The Toowoomba Cluster
The Toowoomba cluster uses Condor
to manage a queue of jobs that are run as needed on a ~300 core cluster. Direct access to the cluster (via the condor program) is only possible when a workstation is on the same network, and as most workstations are firewalled from this network, a "postbox" mechanism is provided that allows users to submit jobs and collect output.
The pool can be accessed by web pages at https://apsrunet.apsim.info/
. A username and password is required. Jobs can be uploaded by the Apsim GUI, the same web pages, or old style ftp access.

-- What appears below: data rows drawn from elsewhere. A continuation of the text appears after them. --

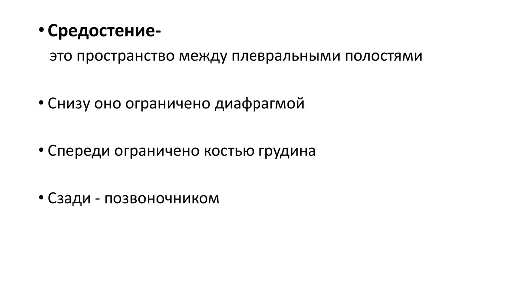 • Средостениеэто пространство между плевральными полостями• Снизу оно ограничено диафрагмой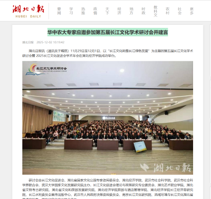 湖北日报:华中农大专家应邀参加第五届长江文化学术研讨会并建言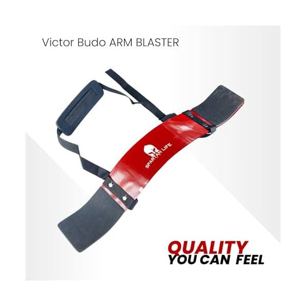 【Strong and Sleek】: The biceps bomber sports with a classy Spartan Arm Blaster logo that complements any workout ensemble. Black rivets secure each side of the neck strap to the frame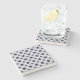 A decorative coaster featuring a symmetrical geometric pattern with blue, white, and brown hues shown from the front and back on a gray background.

Using the APSIM User Interface tool to create jobs
To submit jobs to this system you must:
- In ApsimUI, select the Run on Cluster button
- You have the choice of running all simulations in the currently open .apsim file OR all .apsim files in a directory on your hard disk.
- The "Location of self extracting APSIM" entry is how a specific version of apsim is run. The default url will be the standard release.
- The job is targetted to run on windows, linux or both host operating systems.
- The nice user flag should be set for low priority jobs.
- The Single Slot flag specifies whether the job should run on a single CPU slot, or across all available CPUs if unchecked (the default).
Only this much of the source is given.